Несмотря на все многообразие снимков, вы никогда не знаете, какой окажется операция, пока не приступите к ней.
В восемь утра на пятый день после операции мне позвонила Эмили. «Джош, привет! Похоже, у Синди в дренажной трубке желчь», – сказала она. Черт. У меня упало сердце. Каждый раз, когда у пациента что-то идет не так, я испытываю это ужасное чувство, похожее на смесь вины, нервозности и депрессии. Желчь – плохой знак. Она, должно быть, сочилась из того места, где мы сшили желчный проток. Два конца протока нормально выглядели в операционной, но из-за нестабильного состояния пациентки и, возможно, из-за низкого кровяного давления они разошлись. Плохой приток крови мог замедлить заживление.
Стоя под душем, я представил себе операцию, которую придется сделать: скорее всего, это будет гепатикоеюностомия[22] по Ру. Иными словами, мы разделим тонкую кишку, поднимем один ее конец к желчному протоку, пришьем проток к кишке, а затем второй конец снова присоединим к кишечнику, чтобы все выглядело как буква Y.
Теперь меня одолевало чувство вины. У вас есть только один шанс провести успешную операцию на пациенте в тяжелом состоянии, особенно если он находится на иммунодепрессантах[23]. При появлении осложнений вам приходится сдавать назад.
Каждый раз, когда у пациента что-то идет не так, я испытываю ужасное чувство, похожее на смесь вины, нервозности и депрессии.
Я предвидел, что Синди проведет в больнице долгие месяцы, будет жить с трубками в теле, открытой раной, принимать горы антибиотиков, возможно, будет мучиться от грибковой инфекции в животе, от инфекции на месте установки капельниц, тромбоза глубоких вен и, быть может, ее почки никогда не начнут работать нормально. Приятные мысли, нечего сказать.
Я приехал в больницу и тотчас же направился в отделение интенсивной терапии. Дренаж Синди выглядел дерьмово. Я не имею в виду, что он выглядел плохо. Нет, он выглядел и пах как дерьмо. Я не до конца понимал, где именно облажался, но все время думал, мог ли какой-нибудь другой хирург этого избежать. Эмили подготовила операционную, и мы увезли туда Синди. Я страшно волновался до тех пор, пока не оказался перед операционным столом. Когда хирург сталкивается с осложнениями, он мечтает их устранить. И любое ожидание мучительно. Иногда кажется, что вокруг одни препятствия: незаполненные документы, неготовые анализы, нехватка персонала.
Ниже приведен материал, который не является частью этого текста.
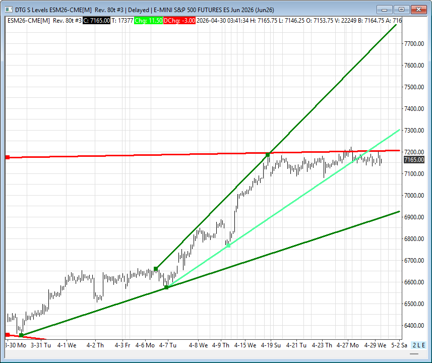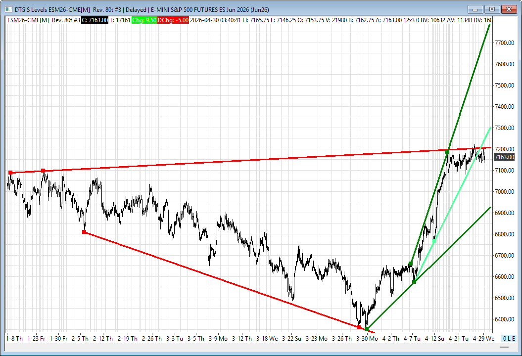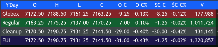 Sometimes the weeks seem to drag on, and this week is one of them. The ES made a high at 7288.50 and a low at 7161.25 on Globex, with a total of 182k contracts traded, and opened Wednesday’s regular session at 7163.25, down 8.25 points or -0.12%.

Есть всего один шанс провести успешную операцию на пациенте в тяжелом состоянии.
Мы вскрыли Синди и вычистили литр каловых масс. Мы увидели, что печень выглядит прекрасно (не считая каловых пятен), кровеносные сосуды и желчный проток тоже были в порядке. Произведя детальный осмотр, мы обнаружили большое отверстие в кишечнике. Я понятия не имел, из-за чего оно образовалось. Может, виной всему был ретрактор, а возможно, оно появилось из-за низкого кровяного давления и высоких доз стероидов. Вина была не моя, но разве это имело какое-то значение?
Мы с Эмили удалили восходящую ободочную кишку, сделали пациентке концевую илеостомию[24] и сформировали из слизистой оболочки кишки длинную фистулу[25], которая должна была оставаться в течение всего следующего года. Иными словами, мы протащили конец подвздошной кишки через брюшную стенку, чтобы каловые массы Синди поступали прямо в калоприемник, и сформировали двуствольную стому[26], чтобы каловые массы не могли просочиться в брюшную полость. После той операции последовало довольно тяжелое восстановление: Синди оставалась в больнице три месяца и жила с зияющим отверстием в брюшной стенке. Однако ей все же стало лучше, и она отправилась домой. Со временем мы восстановили ее кишечник, чтобы процесс дефекации у нее снова проходил как у всех остальных людей.